Food drive: Need substantialy greater in ’09

October 2009 Posted in Community

By Jan JacksonMelody Harpole of Harpole\'s Produce, shown at Silverton Farmer\'s Market, regularly donates produce to SACA for the food bank.

The volunteers and staff at Silverton Area Community Aid are getting ready to launch the 33rd annual Food Drive. Between Oct. 12 and 16, SACA volunteers will deliver empty sacks to doorsteps and community members will be asked to fill them with nonperishable items and set them out for pick-up by 9 a.m. on Oct. 17.

A nonprofit agency, SACA provides emergency food, financial assistance and resource information to those in need who live (including homeless and transit people) within the boundaries of the Silver Falls School District.

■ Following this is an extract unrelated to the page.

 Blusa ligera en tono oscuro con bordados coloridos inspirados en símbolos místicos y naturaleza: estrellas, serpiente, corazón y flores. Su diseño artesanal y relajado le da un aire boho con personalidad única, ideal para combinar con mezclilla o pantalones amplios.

Executive Director Dixon Bledsoe has seen a sharp increase in the need for services in the past six months. With the winter season approaching, he knows busier days are ahead. Just the amount of money going out to help those with eviction notices has a stunning 90 percent increase over 2008.

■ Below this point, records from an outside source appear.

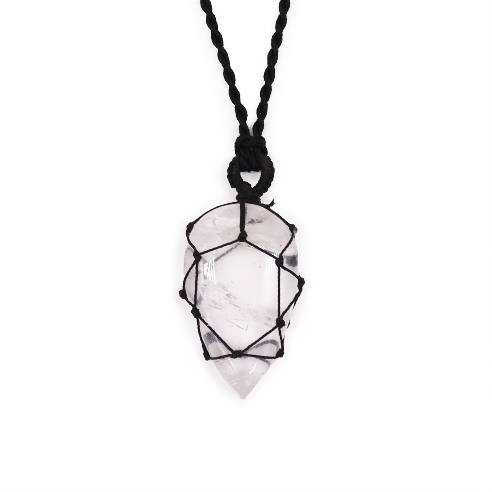 Laced Gemstone Teardrop Pendant featuring the pristine beauty of Rock Quartz. Crafted with precision in the heart of India, this pendant is a stunning testament to the country's rich tradition of craftsmanship. The teardrop shape, known for its classic and timeless elegance, beautifully enhances the inherent charm of Rock Quartz. This gemstone is renowned for its clarity and purity. Its subtle yet enchanting appearance allows it to complement a wide range of styles and outfits. Each teardrop pendant is laced, ensuring that the natural beauty of the Rock Quartz gemstone takes centre stage. Moreover, the adjustable string adds versatility to the pendant, allowing it to be customised to the wearer's desired length. The Rock Quartz Teardrop Pendant is a perfect addition to any jewellery collection. Its beauty and symbolism make it an ideal choice for those seeking clarity, purity, and a touch of elegance. Whether worn alone or combined with other pieces, this pendant is sure to captivate and enchant.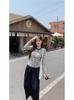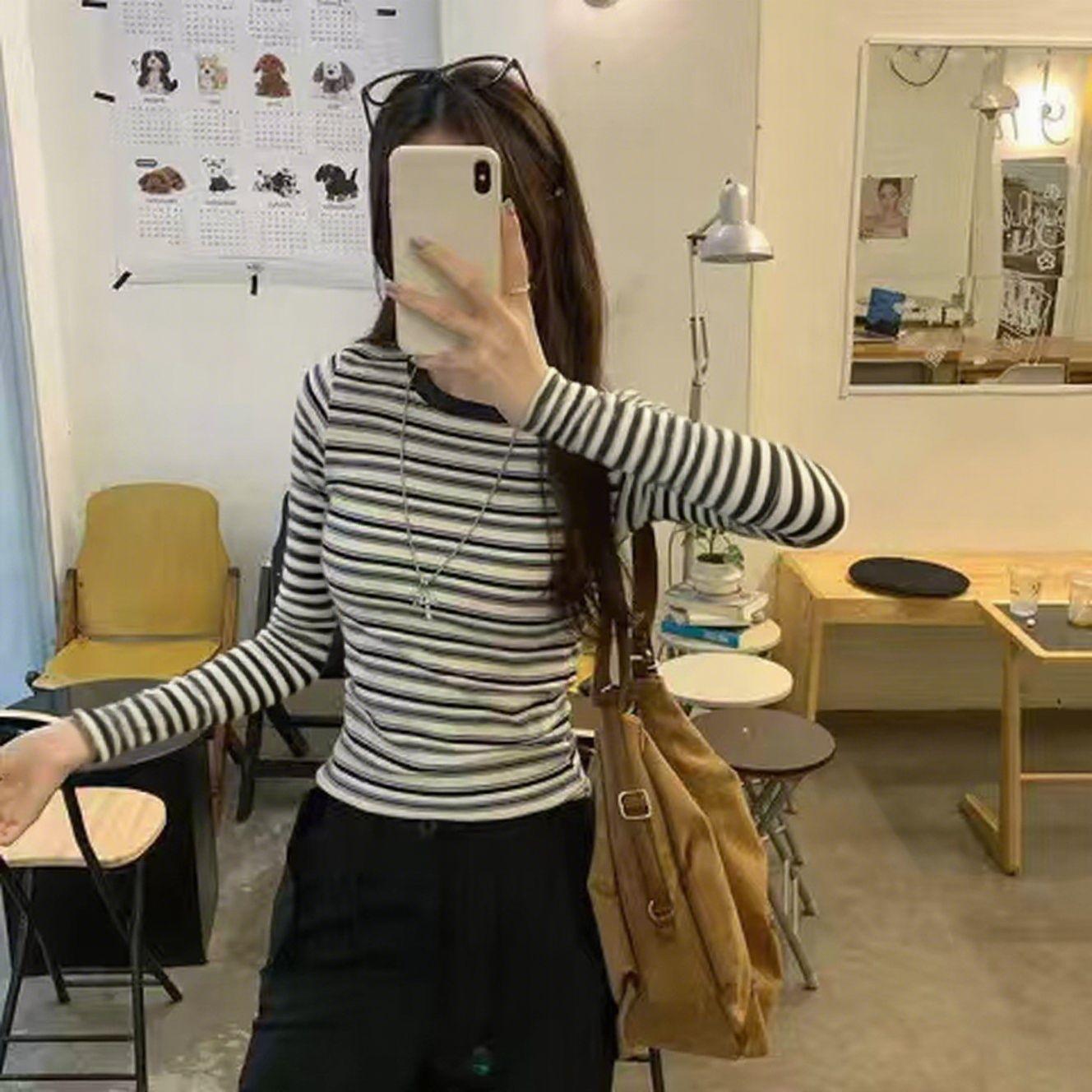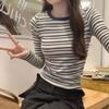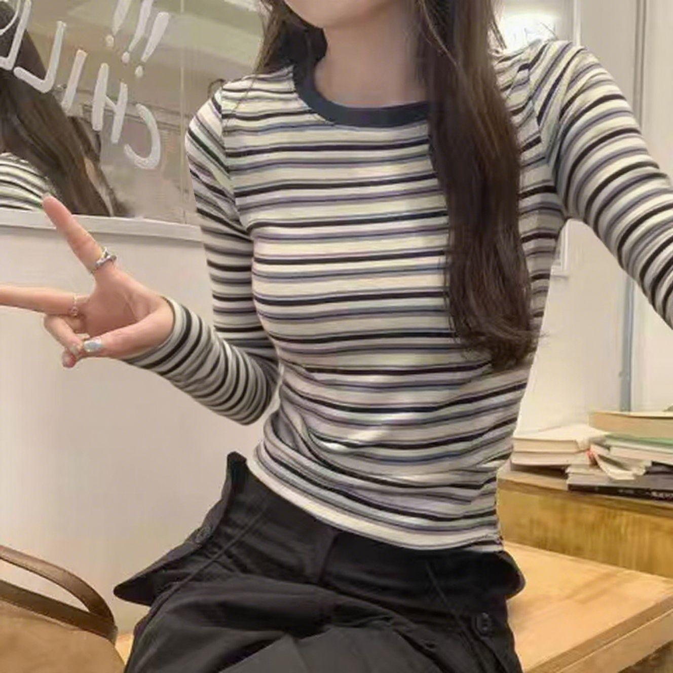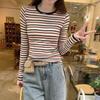 Compra Camiseta de Manga Larga para Mujer Estilo Americano Cuello Redondo Bloque de Color Rayas Primavera Otoño 2025 Nueva Retro ins Top Adelgazante al por mayor en Joom.pro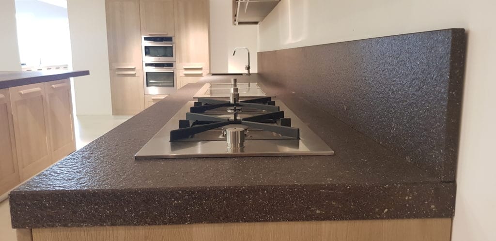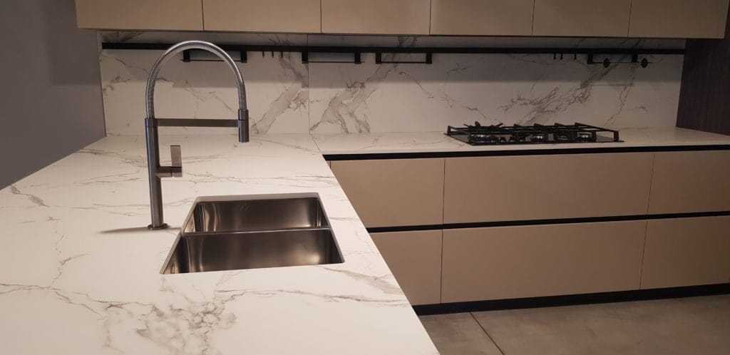 Si possono appoggiare anche nel retro del piano cottura e del lavello; pochi centimetri aprono un mondo immenso, immaginare di poter installare anche tutta una serie di canali attrezzati nel fondo del piano verso lo schienale; oltretutto con i piani ceramici in quarzo, marmi e graniti che non temono l’acqua si ha la possibilità di creare soluzioni personalizzate, con porta coltelli, porta spugnette, porta mestoli, portaspezie e molto altro ancora.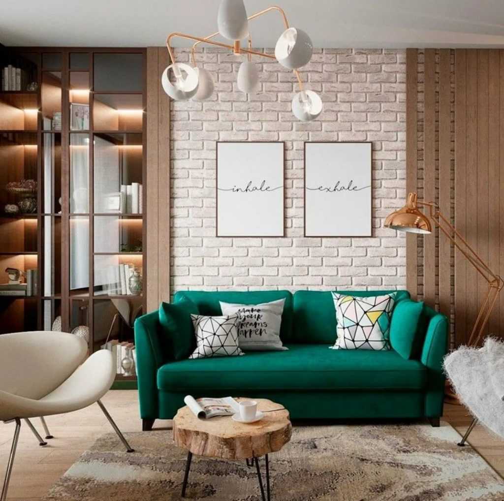Подобные сочетания уместны практически для всех помещений. Вы можете разместить изумрудный диван в скандинавском интерьере не только дома, но и в рабочем кабинете.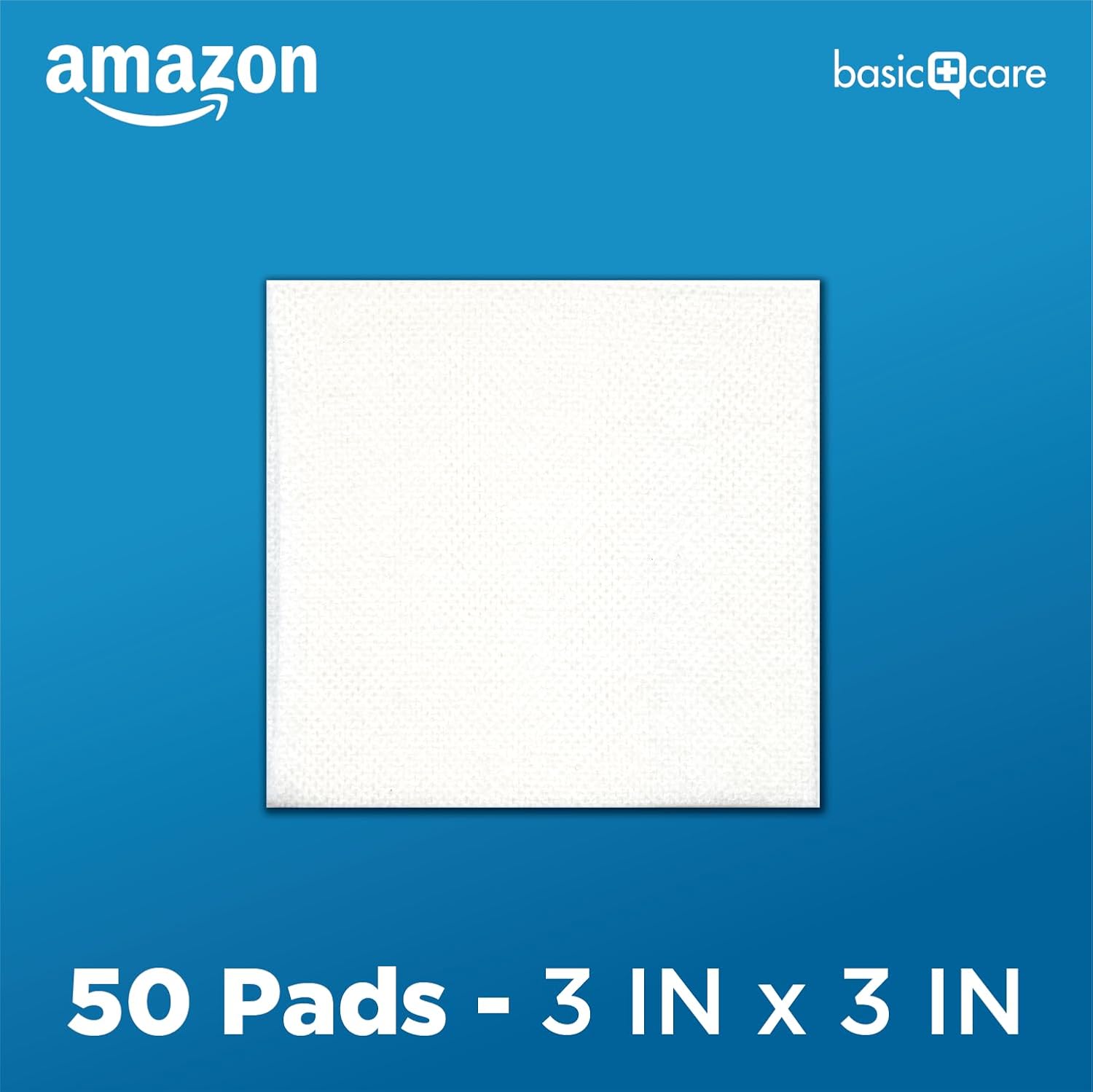 Amazon Basic Care Gauze Pads, 3x3 inches Sterile Medical Wound Dressing Sponges for Cleaning, Covering, & Cushioning Cuts & Minor Injuries, 50 Count (Pack of 1), (Previously All Health)

“Clients are eligible to receive only one food box a month, and one-time help with rent, utilities or other needs,” Bledsoe said. “Once in a while we will hear someone ask about how many people are abusing the system but in Silverton 98 percent of the people we see certainly are not. We try to give a hand up to people who need short-term help and even then, many are reticent about asking for it.”

SACA October Food Drive
Oct. 12 – 17, 2009
To volunteer call 503-873-3446

SACA staff and volunteers are quick to credit community members for its ability to assist families and laud the year-round donations of food from local grocery stores, area growers, producers and concerned citizens.

Its funding base, which includes a United Way grant and a modest but steady stream of private contributions, helps operate the program and buy needed goods and services they can’t get any other way.

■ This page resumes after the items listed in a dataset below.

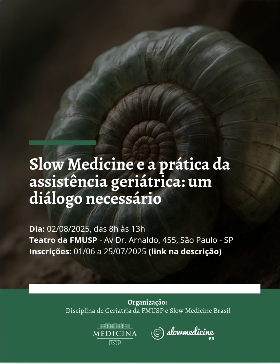 No dia 2 de agosto de 2025, sábado, das 8 às 13 horas, no teatro da Faculdade de Medicina da USP, a Disciplina de Geriatria da FMUSP e o movimento Slow Medicine Brasil promovem um encontro para discutir sobre como prestar cuidados em saúde de uma maneira sóbria, justa e respeitosa.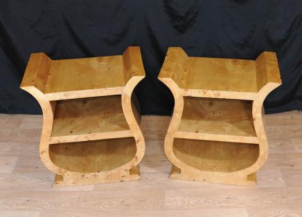 – Gorgeous pair of art deco style bedside tables in blonde walnut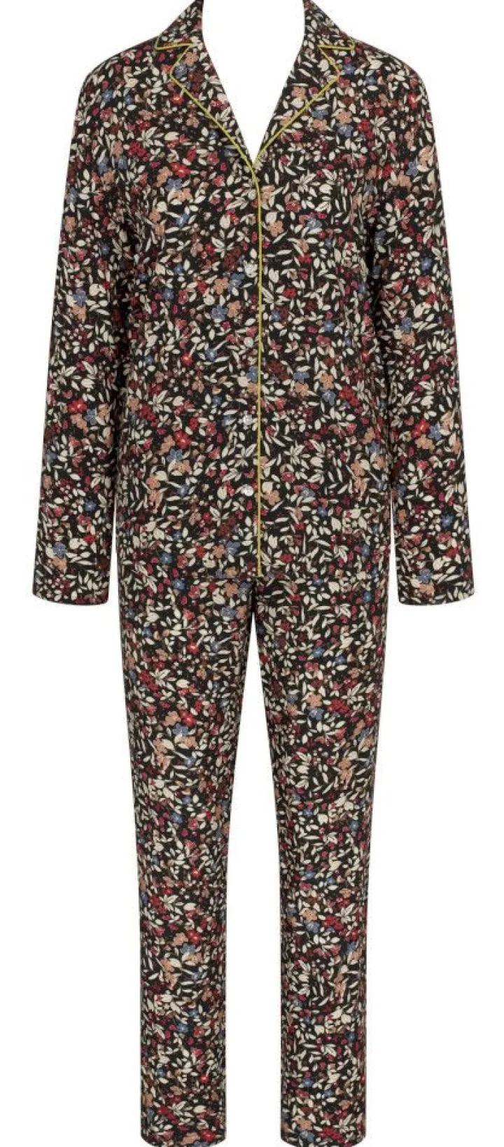 Dieser klassische Pyjama hat lange Ärmel und ein geknöpftes Oberteil. Die Hose mit Gummizug hat seitliche Taschen. Das Oberteil hat eine kontrastfarbene Biese am Revers und wird mit kleinen Knöpfen geschlossen.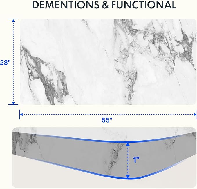 - AMPLE WHOLE-PIECE DESKTOP: With its whole-piece 1β eco-friendly desktop, this standing desk provides plenty of room for your computer setup, documents, and accessories, creating a well-organized and productive work environment. Due to hand measurements, desktop dimensions may vary slightly by 0 to 1β.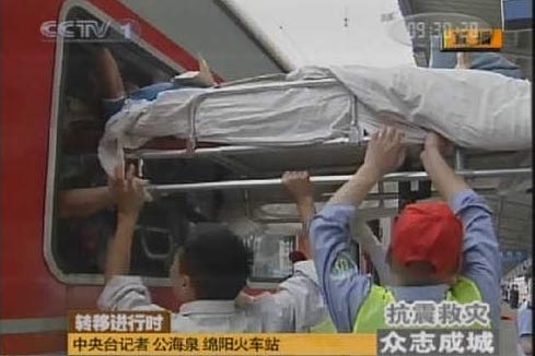 圖:綿陽火車站轉移大批傷病員(2)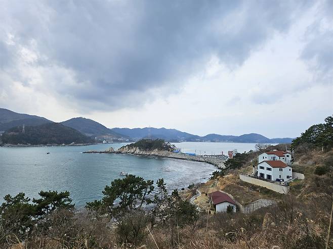 햇살도 환한 길을 한참 걷다 보니, 마을 뒷태가 점점 드러났고 바다가 가까울 수록 바람이 높았다. 높은 전망대까지 올라가니 거가대교도 보이고 부산 가덕도 연대봉도 가깝게 보였다. 저만치 아래 쪽엔 출렁 다리도 보였지만 연로하신 부모님을 모시고 제법 언덕진 길을 따라 올라왔기에 더는 모험을 할 수 없었다. 다음엔 좀 더 넉넉하게 돌아보자고 여지를 남겨두고서 돌아섰다.

Literally hundreds of volunteers make the program possible by working thousands of hours. One wine auction fundraiser brought in more than $10,000 in one evening, and a private couple matched the funds.

The $20,000 is being put to use helping those who need it most.

Silverton resident Dave Richter, known affectionately among food bank volunteers as SACA Dave, has volunteered for SACA since 2006. In 2007, he and fellow volunteers from the Silverton Immanuel Lutheran Church, started designating the second Sunday of every month as the day to bring in food for SACA.

Items need for food bank boxes
Peanut butter and cans of tuna, salmon etc.;
cheese, butter and eggs (must have receipt
from same-day purchase from retail store);
soups; coffee, sugar, Top Ramen, macaroni
and cheese; chili; pasta; fruit juice;
school lunch snacks; cereall; baby food (jars);
cake mixes and Jell-O for the holidays.
Personal items: shampoo, toothpaste, deodorant,
large diapers (Sizes 5-6).

“We as a congregation already supported a world-wide food resource bank, but two years ago decided it would be good to support the food bank in our own community as well,” Richter said. “When we started, the food we collected filled a shopping cart and now we fill that plus the top and underneath side of an 8-foot table. We have members who volunteer their time, their money and just last month alone we brought them 800 pounds of food. This congregation as well as the community is filled with good and regular givers.”
SACA, which served 4,776 individuals during the first six months of 2009 compared with 4,318 during the same period in 2008, is appealing to the community to get the shelves stocked with non-perishable items to help meet the needs that come during the lean winter months.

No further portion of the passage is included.